• [Task brief] Copy out, word for word, the lines from the start of the data below through the line containing "本网讯 4月19日上午,省教", and no others.

• [Entries provided]
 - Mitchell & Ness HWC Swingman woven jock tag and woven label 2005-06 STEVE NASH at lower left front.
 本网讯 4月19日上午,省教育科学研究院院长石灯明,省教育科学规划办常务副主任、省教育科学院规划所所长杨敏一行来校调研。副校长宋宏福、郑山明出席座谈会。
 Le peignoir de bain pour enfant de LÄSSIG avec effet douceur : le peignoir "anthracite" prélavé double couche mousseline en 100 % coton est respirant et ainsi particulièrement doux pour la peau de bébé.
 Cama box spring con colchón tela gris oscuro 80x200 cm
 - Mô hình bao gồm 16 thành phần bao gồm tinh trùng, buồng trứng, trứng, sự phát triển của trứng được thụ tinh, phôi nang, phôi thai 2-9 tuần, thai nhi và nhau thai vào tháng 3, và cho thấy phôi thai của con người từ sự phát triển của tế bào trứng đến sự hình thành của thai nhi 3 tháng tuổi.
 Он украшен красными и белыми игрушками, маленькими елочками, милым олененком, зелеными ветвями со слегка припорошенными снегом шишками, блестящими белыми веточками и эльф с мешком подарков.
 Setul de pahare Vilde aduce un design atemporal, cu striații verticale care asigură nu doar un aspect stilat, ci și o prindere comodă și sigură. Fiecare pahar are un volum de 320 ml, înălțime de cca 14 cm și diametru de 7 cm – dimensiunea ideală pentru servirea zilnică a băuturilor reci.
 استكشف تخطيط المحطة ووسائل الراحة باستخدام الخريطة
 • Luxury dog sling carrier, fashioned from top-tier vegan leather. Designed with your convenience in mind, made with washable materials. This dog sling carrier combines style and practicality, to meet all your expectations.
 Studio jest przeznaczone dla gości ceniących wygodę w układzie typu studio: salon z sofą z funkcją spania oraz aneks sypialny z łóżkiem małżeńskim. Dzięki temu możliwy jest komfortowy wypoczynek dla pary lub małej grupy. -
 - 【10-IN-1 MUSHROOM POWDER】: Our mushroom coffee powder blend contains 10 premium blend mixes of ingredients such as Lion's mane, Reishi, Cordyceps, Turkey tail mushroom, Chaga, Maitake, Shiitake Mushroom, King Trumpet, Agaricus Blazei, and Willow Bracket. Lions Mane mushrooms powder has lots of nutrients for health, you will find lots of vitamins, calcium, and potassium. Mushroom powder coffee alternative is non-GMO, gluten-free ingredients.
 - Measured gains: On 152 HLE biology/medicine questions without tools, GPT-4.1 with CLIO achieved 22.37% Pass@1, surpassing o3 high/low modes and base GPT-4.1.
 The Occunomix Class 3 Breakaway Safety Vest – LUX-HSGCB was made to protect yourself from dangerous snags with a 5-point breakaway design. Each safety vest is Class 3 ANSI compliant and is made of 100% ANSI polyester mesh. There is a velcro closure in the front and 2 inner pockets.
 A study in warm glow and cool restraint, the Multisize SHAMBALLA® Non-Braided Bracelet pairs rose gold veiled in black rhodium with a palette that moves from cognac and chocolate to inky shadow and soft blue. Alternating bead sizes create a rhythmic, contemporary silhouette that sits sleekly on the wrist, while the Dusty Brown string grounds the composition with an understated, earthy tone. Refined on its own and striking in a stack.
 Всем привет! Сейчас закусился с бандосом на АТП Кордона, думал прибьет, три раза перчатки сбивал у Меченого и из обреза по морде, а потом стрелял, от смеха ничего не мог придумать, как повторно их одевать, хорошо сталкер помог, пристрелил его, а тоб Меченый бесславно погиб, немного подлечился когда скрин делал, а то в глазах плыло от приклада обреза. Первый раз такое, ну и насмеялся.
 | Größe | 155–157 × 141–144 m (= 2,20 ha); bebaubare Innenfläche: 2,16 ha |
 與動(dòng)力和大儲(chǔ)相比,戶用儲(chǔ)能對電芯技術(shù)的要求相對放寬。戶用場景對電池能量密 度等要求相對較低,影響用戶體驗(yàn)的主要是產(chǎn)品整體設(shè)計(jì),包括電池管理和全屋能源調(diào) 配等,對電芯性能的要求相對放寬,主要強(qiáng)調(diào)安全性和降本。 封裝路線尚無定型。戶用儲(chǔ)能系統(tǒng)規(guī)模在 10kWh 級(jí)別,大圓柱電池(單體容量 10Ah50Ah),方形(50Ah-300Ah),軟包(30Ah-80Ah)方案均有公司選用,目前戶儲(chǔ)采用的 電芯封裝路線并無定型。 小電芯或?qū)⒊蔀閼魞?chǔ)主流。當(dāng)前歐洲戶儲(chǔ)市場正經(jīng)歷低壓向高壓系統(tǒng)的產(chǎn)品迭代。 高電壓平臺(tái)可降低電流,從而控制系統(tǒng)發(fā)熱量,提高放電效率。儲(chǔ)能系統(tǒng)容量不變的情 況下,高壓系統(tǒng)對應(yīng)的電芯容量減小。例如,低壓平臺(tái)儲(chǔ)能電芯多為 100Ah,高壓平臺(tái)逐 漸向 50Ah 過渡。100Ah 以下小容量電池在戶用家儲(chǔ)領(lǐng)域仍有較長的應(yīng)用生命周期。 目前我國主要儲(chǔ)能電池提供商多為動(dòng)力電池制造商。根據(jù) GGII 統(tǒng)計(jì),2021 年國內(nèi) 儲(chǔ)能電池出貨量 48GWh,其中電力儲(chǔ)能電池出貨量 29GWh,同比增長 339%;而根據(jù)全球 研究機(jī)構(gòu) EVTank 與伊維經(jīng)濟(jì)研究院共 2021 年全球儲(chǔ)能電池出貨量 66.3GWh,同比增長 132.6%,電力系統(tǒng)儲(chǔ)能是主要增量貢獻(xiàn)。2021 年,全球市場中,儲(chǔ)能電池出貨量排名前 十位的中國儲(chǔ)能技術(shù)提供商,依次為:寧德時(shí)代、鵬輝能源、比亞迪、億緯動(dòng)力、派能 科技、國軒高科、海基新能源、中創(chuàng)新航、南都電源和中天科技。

• [Task response]
 - Mitchell & Ness HWC Swingman woven jock tag and woven label 2005-06 STEVE NASH at lower left front.
 本网讯 4月19日上午,省教育科学研究院院长石灯明,省教育科学规划办常务副主任、省教育科学院规划所所长杨敏一行来校调研。副校长宋宏福、郑山明出席座谈会。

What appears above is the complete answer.